Version Architecture
| Version | Phase(s) | Target | Description |
|---|---|---|---|
| v0.9.0 | 1–9 | Now (stealth) | Full build pipeline, 8 platforms, marketplace infra |
| v1.0 GA | 10–11 | June 2026 | Knowledge layer (brain index), marketplace live, stealth exit |
| v1.x | 12 | Aug–Oct 2026 | Org scale: ADR governance, A2A, domain layers |
| v2.0 | 13 | Q1 2027 | ADLC governance: agent registry, approval workflows, compliance scoring, full UI |
| v2.x | 14+ | H1 2027+ | Platform/OEM: non-coding agent compilation, white-labeled hub |
See docs/internal/plans/commercialization-roadmap.md for full business model and go-to-market strategy.
Phase 1: "AgentBoot Builds Itself" -- COMPLETE
AgentBoot compiles its own personas and uses them when developing itself.
What shipped:
- 6 core traits authored and composed into 4 personas
- Build pipeline: validate, compile, sync (all end-to-end)
- Configuration schema (
agentboot.config.json) - Claude Code native output: agents, skills, rules, CLAUDE.md with
@imports - Always-on instructions (baseline and security)

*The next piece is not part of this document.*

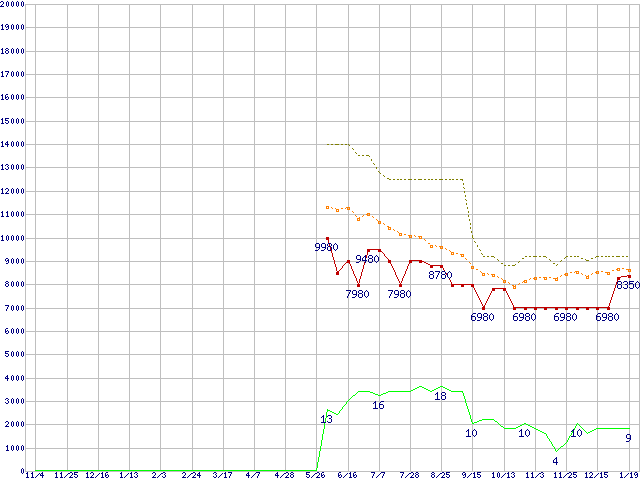 その他6Gbps対応SSD (64GB,MLC)の価格推移↑前グラフ↓次グラフ(2010年11月4日〜2012年1月19日)※このグラフは過去のデータも税率5%相当に調整した税込み相当額のグラフです。●関連グラフHDD/SSD主要製品の最安値推移HDD/SSD主要製品(最安値1万円未満)の最安値推移HDD/SSD 60GB〜80GB未満の最安値推移2.5インチSSD (SSD,6Gbps,2.5インチ)の最安値推移●凡例最安値(点線部は販売店未確認または未調査)平均値最高値ショップ数

- Unit and integration tests for the build pipeline
Phase 2: "Usable by Others" -- COMPLETE
Any repo can install AgentBoot personas via CLI. Install, scaffolding, diagnostics, and uninstall all work.
What shipped:
- Scope merging (org to group to team to repo)
- Full CLI:
build,validate,sync,install,status,doctor,uninstall - Scaffolding:
add persona,add trait - Cross-platform output: standalone SKILL.md, copilot-instructions.md
- PERSONAS.md auto-generation
- Gotchas rules (path-scoped knowledge)
- Static prompt linting (
agentboot lint) - Token budget calculation at build time
- Prompt style guide baked into scaffolding templates
- Repo platform switching (
agentboot config repo platform) - First-session welcome fragment for developer onboarding
- Manifest tracking for managed files (
.agentboot-manifest.json)
Phase 3: "Ship It" -- COMPLETE
AgentBoot is distributable as a Claude Code plugin with compliance and privacy foundations in place.
What shipped:
- Plugin packaging (plugin.json, agents, skills, hooks)
agentboot export --format pluginandagentboot publish- Private marketplace template (marketplace.json)
- N-tier scope model (flexible node hierarchy replaces fixed groups/teams)
- Extended scaffolding:
add gotcha,add domain,add hook - Per-persona extensions (extend without modifying base)
- Domain layers (agentboot.domain.json)
- Compliance hooks: input scanning (UserPromptSubmit) and output scanning (Stop)
- Audit trail hooks (SubagentStart/Stop, PostToolUse)
- Telemetry: NDJSON output with canonical schema, configurable developer identity
- Three-tier privacy model (Private, Privileged, Organizational)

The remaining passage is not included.